» WHAT YOU SHOULD DO
Of all the lines below, output only those starting at the one with "Молодежный костюм из" and ending at the one with "中国矿业大学必发博彩 2021年硕士研究生复试录取工作实施细则", both ends included, exactly as written.

» MATERIAL PROVIDED
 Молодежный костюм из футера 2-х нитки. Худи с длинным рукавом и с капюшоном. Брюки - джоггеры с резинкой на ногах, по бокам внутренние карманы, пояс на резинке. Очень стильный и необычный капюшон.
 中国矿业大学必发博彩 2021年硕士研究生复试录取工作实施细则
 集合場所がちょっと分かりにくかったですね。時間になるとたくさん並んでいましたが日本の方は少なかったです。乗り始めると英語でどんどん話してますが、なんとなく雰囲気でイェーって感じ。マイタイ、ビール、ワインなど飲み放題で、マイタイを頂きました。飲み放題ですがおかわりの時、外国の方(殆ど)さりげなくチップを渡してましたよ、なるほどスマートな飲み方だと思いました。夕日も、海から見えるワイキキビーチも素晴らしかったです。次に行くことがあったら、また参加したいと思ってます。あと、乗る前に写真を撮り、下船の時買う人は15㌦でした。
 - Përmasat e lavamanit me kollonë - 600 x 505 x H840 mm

* * *

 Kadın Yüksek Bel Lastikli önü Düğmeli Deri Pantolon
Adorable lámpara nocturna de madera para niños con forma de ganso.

» FINISHED EXERCISE
 Молодежный костюм из футера 2-х нитки. Худи с длинным рукавом и с капюшоном. Брюки - джоггеры с резинкой на ногах, по бокам внутренние карманы, пояс на резинке. Очень стильный и необычный капюшон.
 中国矿业大学必发博彩 2021年硕士研究生复试录取工作实施细则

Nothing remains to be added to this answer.